Sunday, March 29, 2009

Susan Sontag’s "AIDS and Its Metaphors"

In pairs, I would like you summarize the main claim of AIDS and Its Metaphors in your own words. What do you think its central argument is? Then review one section of this essay and summarize its main point. Which (brief) passage do you think conveys this point? Last, I’d like you to explain how this section of the essay relates to the claim of the entire essay.

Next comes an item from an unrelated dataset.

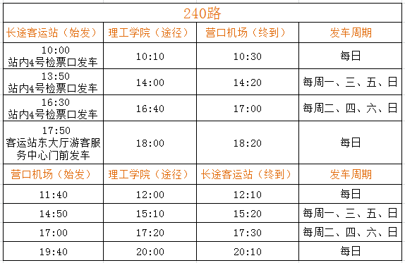 經(jīng)公司營運部門與機場工作人員溝通:從2018年3月25日起,營口藍旗機場執(zhí)行新的航班時刻表(部分航線停發(fā))。針對上述情況,為方便市民出行,經(jīng)公司研究,現(xiàn)對機場240路運營班次進行調(diào)整。具體內(nèi)容如下: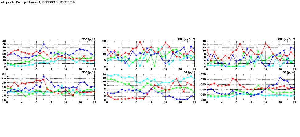 | Air Quality Data Time Series in Airport, Pump House 1 (2022/08/13) | ( Line colors: Day -3 Day -2 Day -1 Current day ) | 2D Map Current AQHI |

Here are the pairs I would like you to work in and the section I’d like you to focus on:
Section 1 (pp. 93-104): Zach Welch & Emily Major; Section 2 (pp. 104-112): Jenn Vernick & Cayla Jewett; Section 3 (112-125): Matt Ritz & Kelsey Jensen; Section 4 (125-131): Jenna Pettinger & Leah Goldsher; Section 5 (pp. 132-148): Kathryn Palma & Kelly Goheen; Section 6 (pp. 148-159): Anya Morin & Stephanie Franquemont; Section 7 (pp. 159-168): Sean McNiff & MaryKate DeGraw.

7 comments:

  1. Zach Welch & Emily Major

    Sontag claims that over the past few decades, a meaningful stigma has been built around the AIDS affliction in America that is equally, if not more, harmful than that which surrounded cancer. Her central argument is that these metaphors have become increasingly burdensome and painful in present-day America. Her first section is built around the metaphors that relate to disease and she continually invokes her essay on cancer to bolster her argument. She is also quick to cite the military metaphor, what she sees as a tendency to relate the struggle with HIV/AIDS to a military engagement, as some sort of crisis to be eliminated violently on a battlefield. The passage most indicative of her position on this matter is, "Military metaphors contribute to the stigmatizing of certain illnesses and, by extension, of those who are ill. Sontag feels this metaphor stigmatizes the illness as something that requires a “violent,” “state-sponsored” reaction that overdramatizes the whole ordeal. She feels that disease is not an absolute, unbeatable force, but simply a condition without connotation.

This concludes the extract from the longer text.